Arrêt du 14 décembre 2015

Cour de droit pénal

Composition
M. le Juge fédéral Denys, Président.
Greffière : Mme Gehring.

Participants à la procédure
X.________,
recourant,

contre

Service des contraventions du canton de Genève Service juridique, chemin de la
Gravière 5, 1211 Genève 8,
intimé.

Objet
Ordonnance pénale, tardiveté de l'opposition, restitution de délai, motivation
du recours en matière pénale au Tribunal fédéral,

recours contre l'arrêt de la Cour de justice de la République et canton de
Genève, Chambre pénale de recours, du 5 novembre 2015.

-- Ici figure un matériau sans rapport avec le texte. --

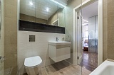 В отделке квартиры использованы дорогостоящие материалы, отличающиеся высоким качеством и эстетикой. Грамотно подобранный декор и домашний текстиль служат гармоничным дополнением общей картины.

Considérant en fait et en droit :

1.
Par ordonnance du 5 octobre 2015, le Service genevois des contraventions a
constaté la tardiveté de l'opposition formée le 1er octobre 2015 par X.________
contre l'ordonnance pénale du 29 juillet 2015, le condamnant à 300 fr. d'amende
pour infraction à la loi fédérale sur la circulation routière.

2.
Le 5 novembre 2015, la Chambre pénale de recours de la Cour de justice
genevoise a rejeté le recours de X.________ contre l'ordonnance du 5 octobre
2015. En bref, elle a constaté que ce dernier n'avait pas donné suite à l'avis
de retrait de l'ordonnance pénale dont il avait été informé le 30 juillet 2015,
soit deux jours avant son départ en vacances. Le délai d'opposition de 10 jours
avait commencé à courir à l'échéance du délai de garde de 7 jours survenue le 6
août 2015 et expiré le lundi 17 août 2015. Expédiée le 1er octobre 2015,
l'opposition l'avait été tardivement, étant précisé que X.________ aurait pu
retirer le pli recommandé à son office postal à tout le moins le vendredi 31
juillet 2015, soit avant son départ en vacances.

3.

3.1. X.________ interjette un recours en matière pénale au Tribunal fédéral
contre l'arrêt cantonal.

3.2. Les mémoires adressés au Tribunal fédéral doivent indiquer les
conclusions, les motifs et les moyens de preuve dont le recourant entend se
prévaloir (art. 42 al. 1 LTF). Le recourant doit motiver son recours en
exposant succinctement en quoi la décision attaquée viole le droit (art. 42 al.
2 LTF). En particulier, le grief d'arbitraire doit être invoqué et motivé de
manière précise (art. 106 al. 2 LTF). En effet, le Tribunal fédéral conduit son
raisonnement sur la base des faits établis par la juridiction précédente (art.
105 al. 1 LTF). Il ne peut s'en écarter que si ces faits ont été établis de
façon manifestement inexacte, à savoir arbitraire. Il n'entre pas en matière
sur les critiques appellatoires (cf. ATF 140 III 264 consid. 2.3 p. 266). En
outre, aucun fait nouveau ni preuve nouvelle ne peuvent être présentés à moins
de résulter de la décision de l'autorité précédente (cf. art. 99 al. 1 LTF).
Cette exclusion vaut non seulement pour les faits postérieurs à la décision
attaquée, mais également pour ceux que les parties ont omis d'alléguer dans la
procédure cantonale. Ces dernières sont en effet tenues de présenter devant les
instances précédentes tous les faits qui leur paraissent pertinents et d'offrir
les moyens de preuve adéquats (Message du Conseil fédéral concernant la
révision totale de l'organisation judiciaire fédérale, FF 2001 p. 4137).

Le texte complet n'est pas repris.